--- Dataset extract Enclosed Below ---
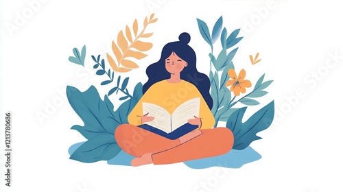 Woman Reading Book Surrounded by Flowers Peaceful Nature Illustration
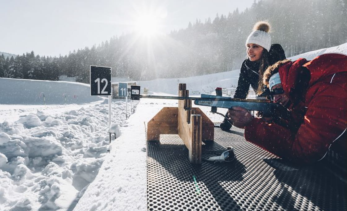 Hierbij wordt cross-country of rolskiën gecombineerd met schieten.
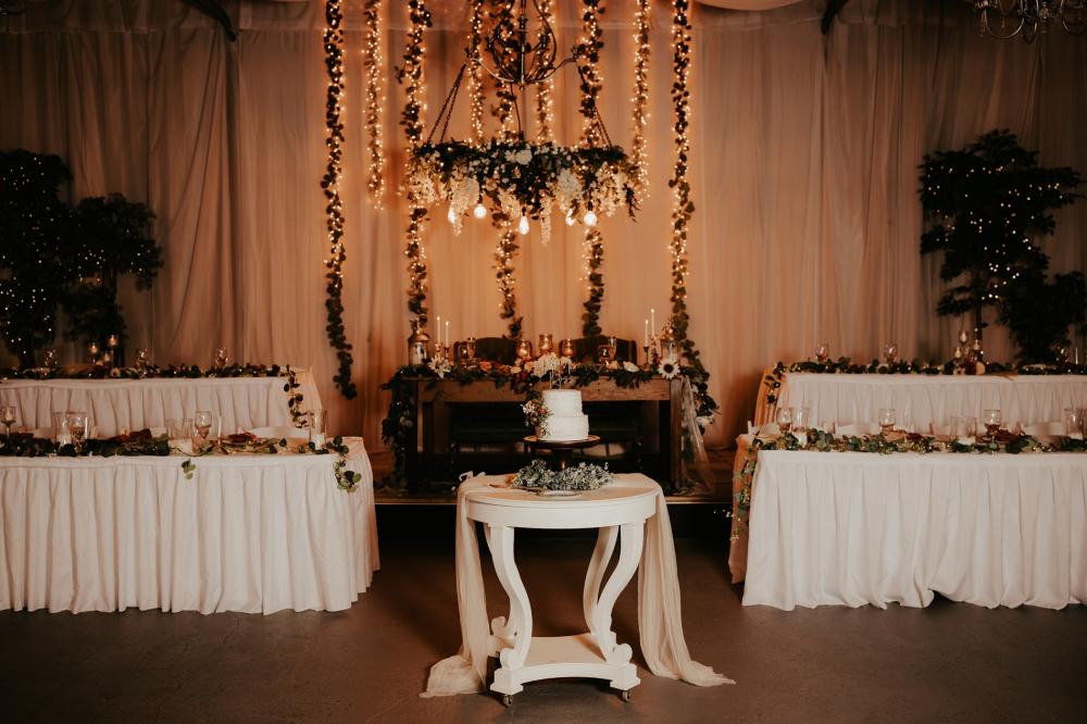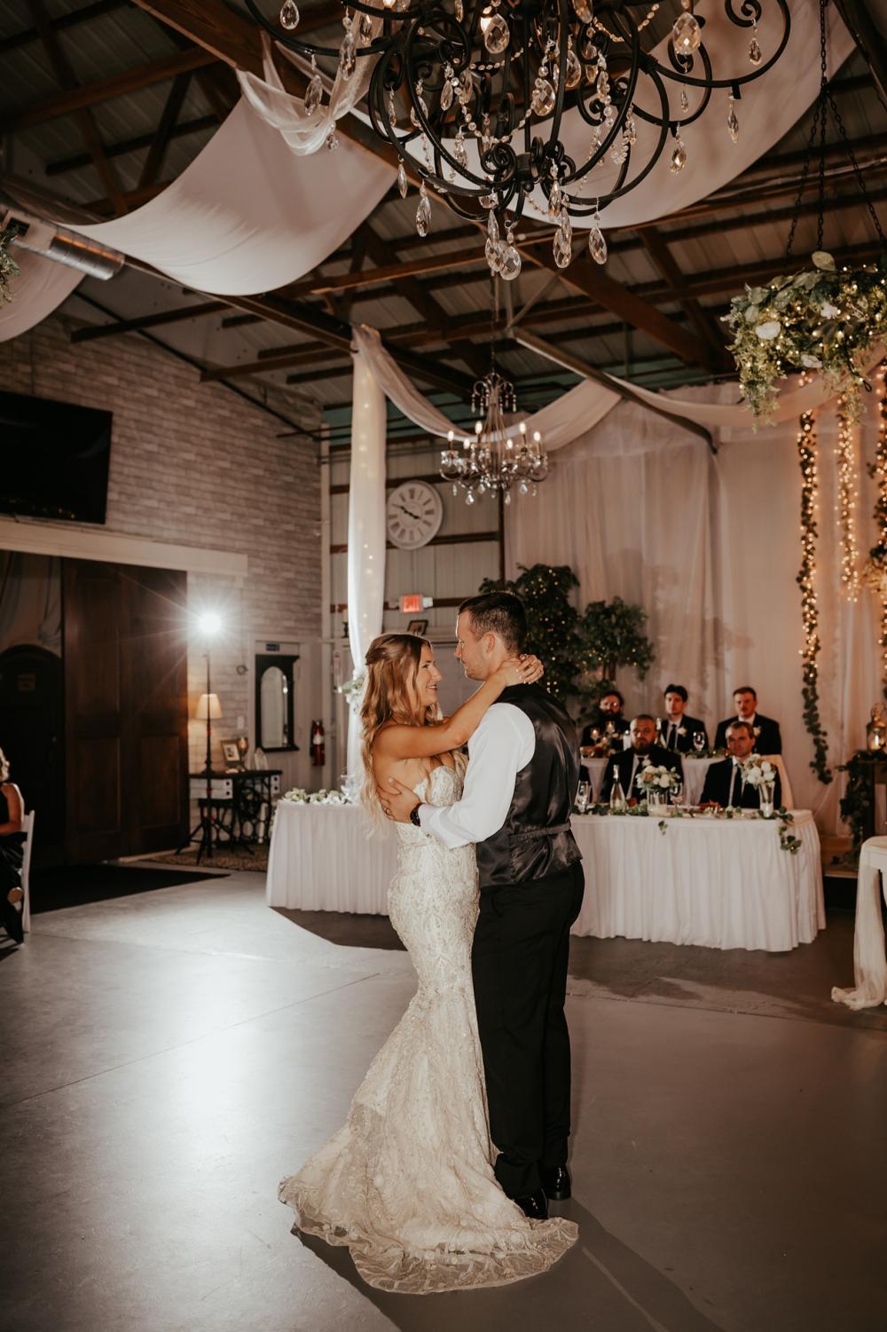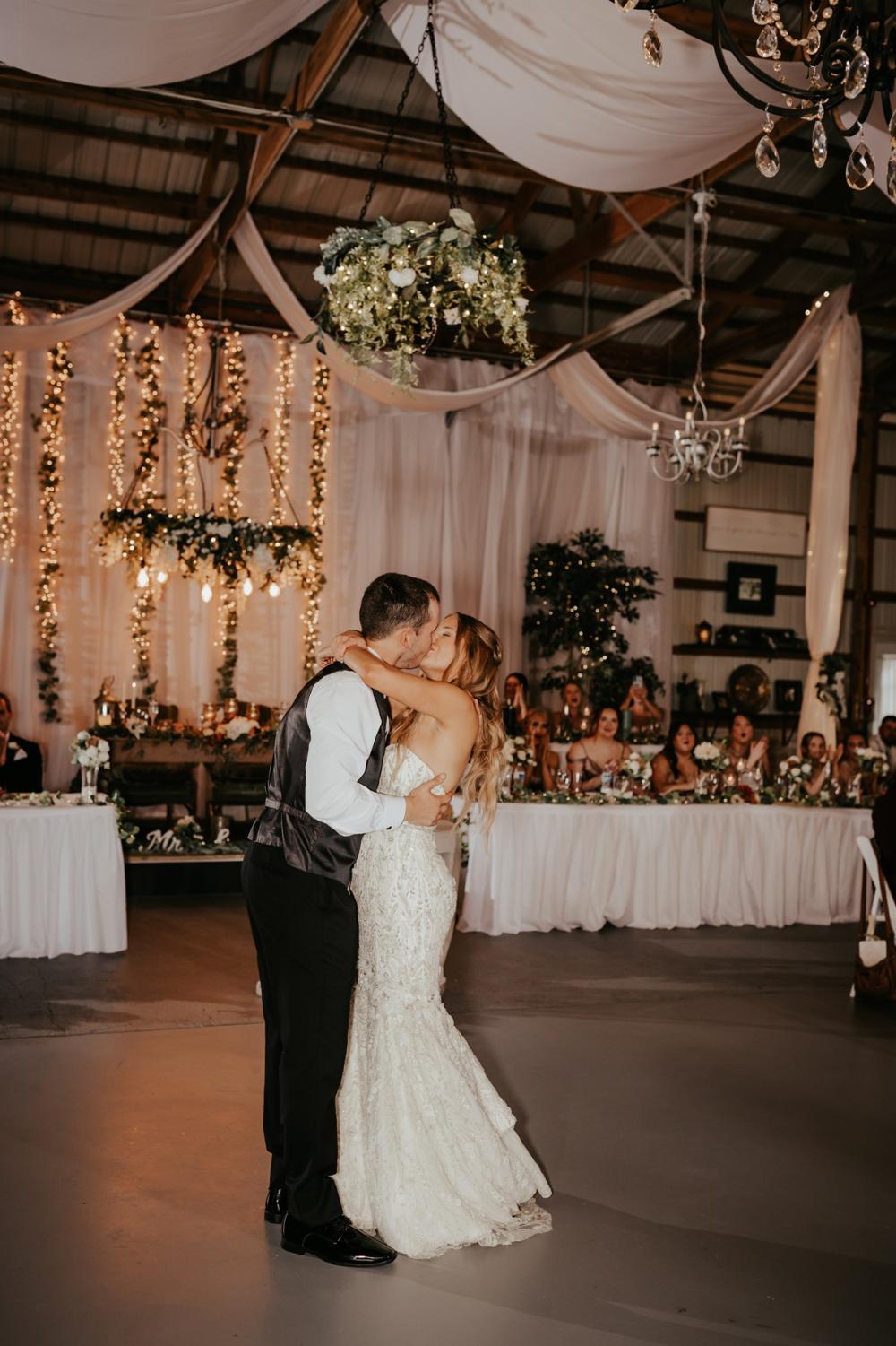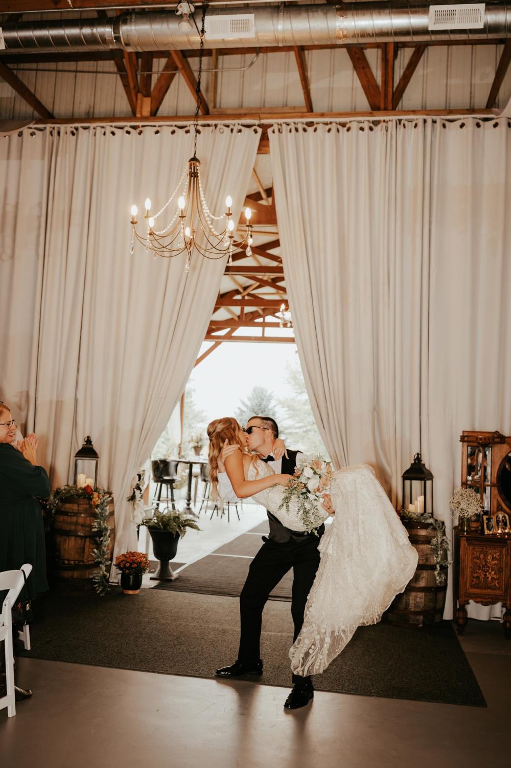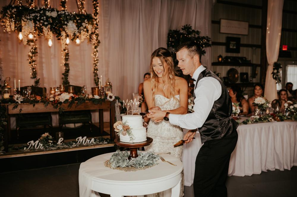 Since they were going to get married in the fall, Maddie and Ben wanted to create a rustic and fall-inspired ceremony. We love the way this wedding came together! The unique door entrance and gazebo in the ceremony space are so cute and charming and there are so many natural elements that make the reception even more rustic. The florals help fill the space and add more texture to the beautiful space. They also mixed in some vintage vibes with the antique goblets, distressed mirror and a vinyl guestbook!
--- End of Enclosed Dataset extract ---
| Work task |
Output the data above exactly, excluding images.

| Solution to the problem |
 Woman Reading Book Surrounded by Flowers Peaceful Nature Illustration
 Hierbij wordt cross-country of rolskiën gecombineerd met schieten.
 Since they were going to get married in the fall, Maddie and Ben wanted to create a rustic and fall-inspired ceremony. We love the way this wedding came together! The unique door entrance and gazebo in the ceremony space are so cute and charming and there are so many natural elements that make the reception even more rustic. The florals help fill the space and add more texture to the beautiful space. They also mixed in some vintage vibes with the antique goblets, distressed mirror and a vinyl guestbook!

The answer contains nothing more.